Could you give the data that follows again exactly, without its pictures?

> _Records provided_

________

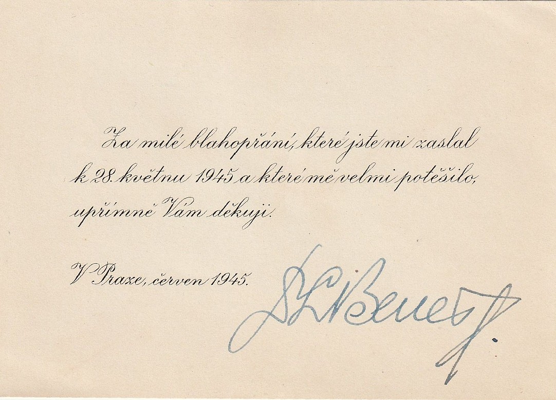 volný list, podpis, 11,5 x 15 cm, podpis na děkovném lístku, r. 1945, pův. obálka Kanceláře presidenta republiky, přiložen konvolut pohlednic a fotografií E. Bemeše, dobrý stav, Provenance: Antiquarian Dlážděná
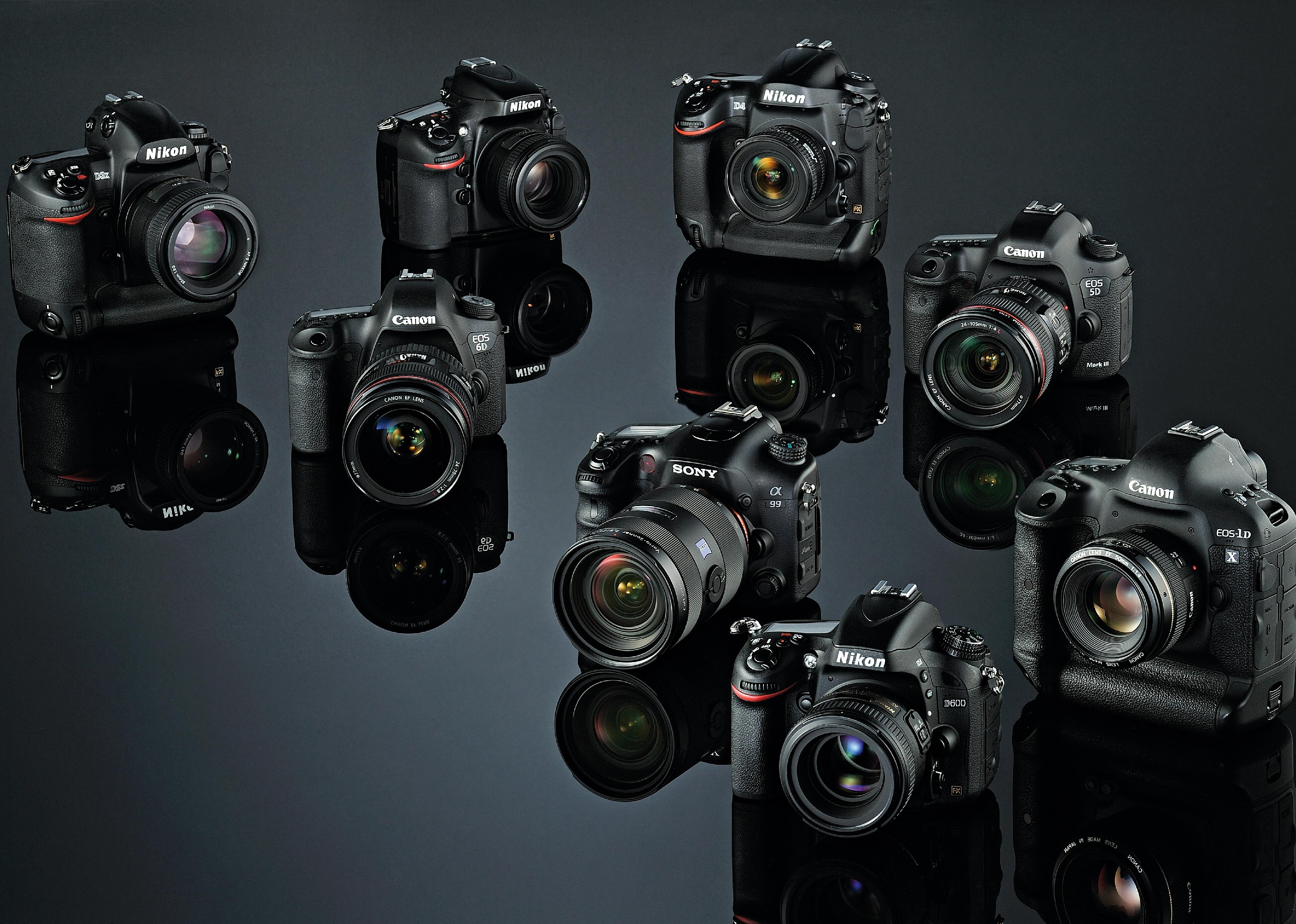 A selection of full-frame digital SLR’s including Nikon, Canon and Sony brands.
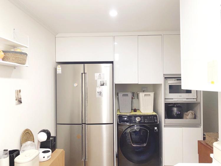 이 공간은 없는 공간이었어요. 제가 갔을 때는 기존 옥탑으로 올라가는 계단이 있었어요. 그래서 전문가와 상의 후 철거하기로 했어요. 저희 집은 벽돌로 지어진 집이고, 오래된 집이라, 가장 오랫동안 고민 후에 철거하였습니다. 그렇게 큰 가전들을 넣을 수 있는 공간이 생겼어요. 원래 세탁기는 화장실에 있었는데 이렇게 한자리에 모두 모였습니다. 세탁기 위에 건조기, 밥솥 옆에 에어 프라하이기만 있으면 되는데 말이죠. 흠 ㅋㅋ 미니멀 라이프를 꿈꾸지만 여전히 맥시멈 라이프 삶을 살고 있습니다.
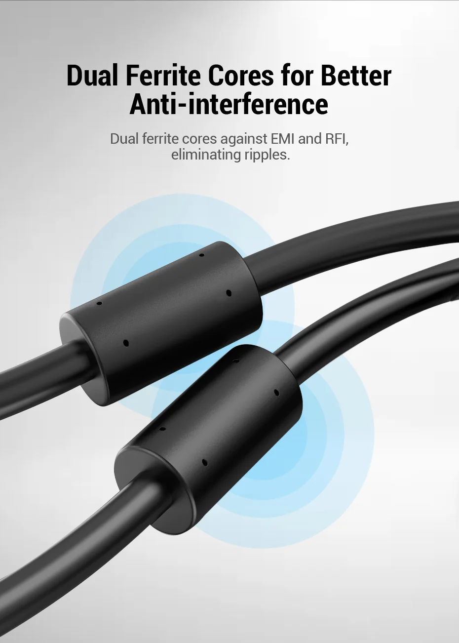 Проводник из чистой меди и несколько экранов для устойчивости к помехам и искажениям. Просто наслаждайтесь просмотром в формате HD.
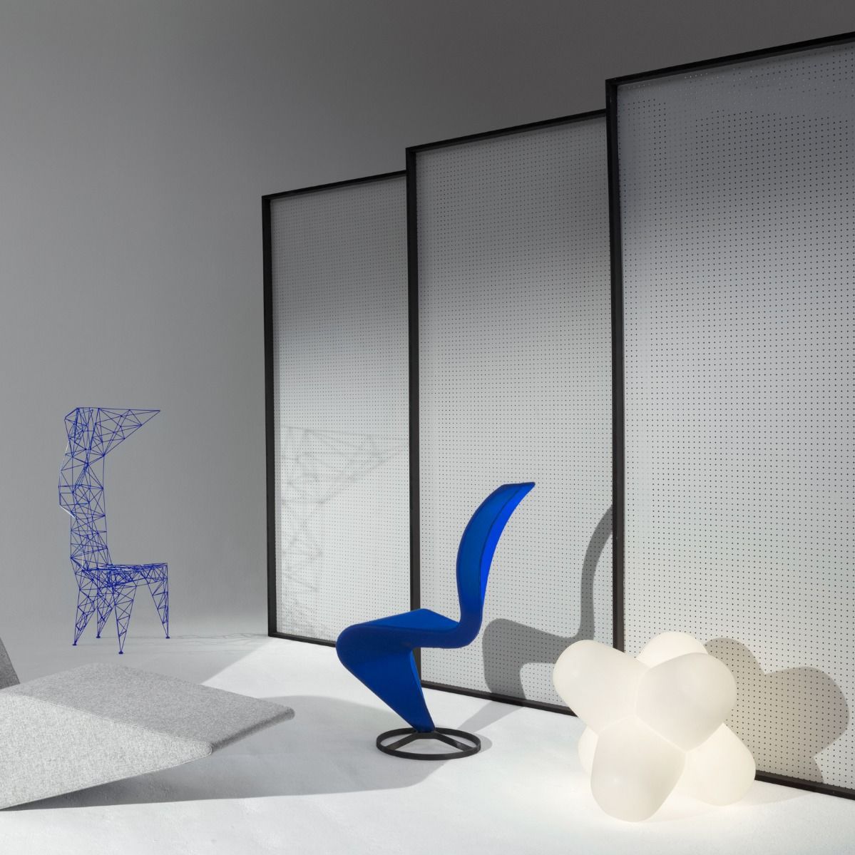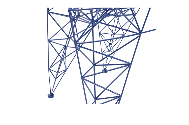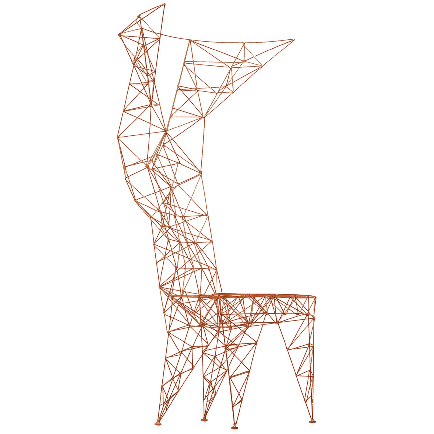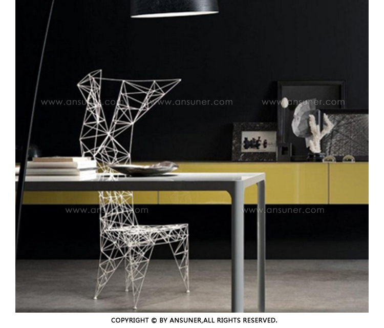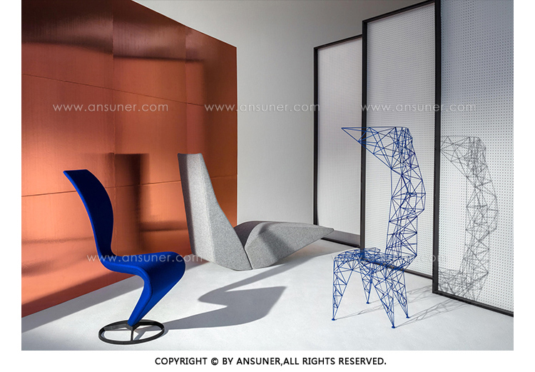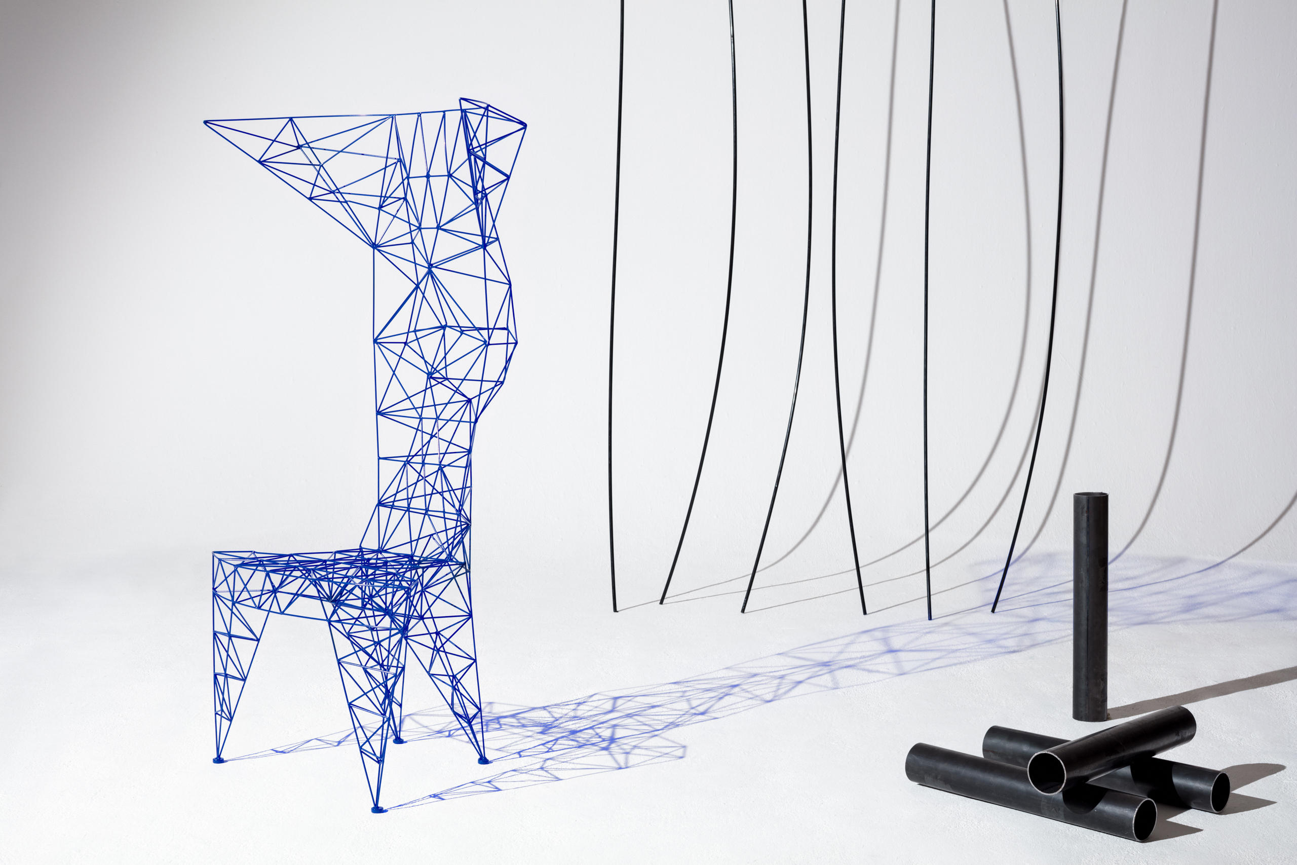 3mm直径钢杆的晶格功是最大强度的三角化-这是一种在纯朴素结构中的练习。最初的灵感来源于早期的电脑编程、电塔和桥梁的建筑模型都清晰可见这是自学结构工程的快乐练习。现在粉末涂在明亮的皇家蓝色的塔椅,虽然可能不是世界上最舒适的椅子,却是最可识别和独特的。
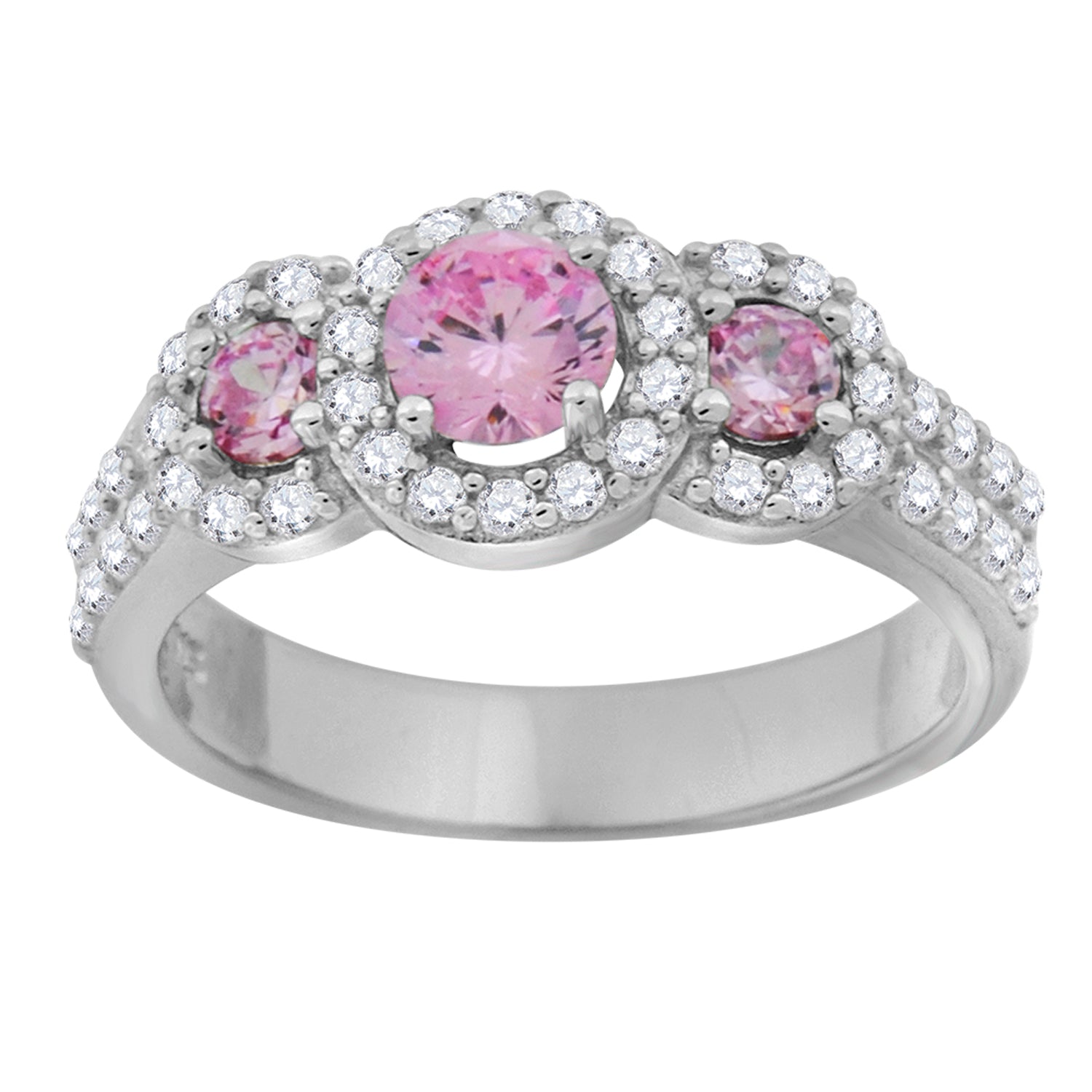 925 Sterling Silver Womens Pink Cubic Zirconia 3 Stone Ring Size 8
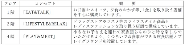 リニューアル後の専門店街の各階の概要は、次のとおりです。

________

> _Exercise result_
 volný list, podpis, 11,5 x 15 cm, podpis na děkovném lístku, r. 1945, pův. obálka Kanceláře presidenta republiky, přiložen konvolut pohlednic a fotografií E. Bemeše, dobrý stav, Provenance: Antiquarian Dlážděná
 A selection of full-frame digital SLR’s including Nikon, Canon and Sony brands.
 이 공간은 없는 공간이었어요. 제가 갔을 때는 기존 옥탑으로 올라가는 계단이 있었어요. 그래서 전문가와 상의 후 철거하기로 했어요. 저희 집은 벽돌로 지어진 집이고, 오래된 집이라, 가장 오랫동안 고민 후에 철거하였습니다. 그렇게 큰 가전들을 넣을 수 있는 공간이 생겼어요. 원래 세탁기는 화장실에 있었는데 이렇게 한자리에 모두 모였습니다. 세탁기 위에 건조기, 밥솥 옆에 에어 프라하이기만 있으면 되는데 말이죠. 흠 ㅋㅋ 미니멀 라이프를 꿈꾸지만 여전히 맥시멈 라이프 삶을 살고 있습니다.
 Проводник из чистой меди и несколько экранов для устойчивости к помехам и искажениям. Просто наслаждайтесь просмотром в формате HD.
 3mm直径钢杆的晶格功是最大强度的三角化-这是一种在纯朴素结构中的练习。最初的灵感来源于早期的电脑编程、电塔和桥梁的建筑模型都清晰可见这是自学结构工程的快乐练习。现在粉末涂在明亮的皇家蓝色的塔椅,虽然可能不是世界上最舒适的椅子,却是最可识别和独特的。
 925 Sterling Silver Womens Pink Cubic Zirconia 3 Stone Ring Size 8
 リニューアル後の専門店街の各階の概要は、次のとおりです。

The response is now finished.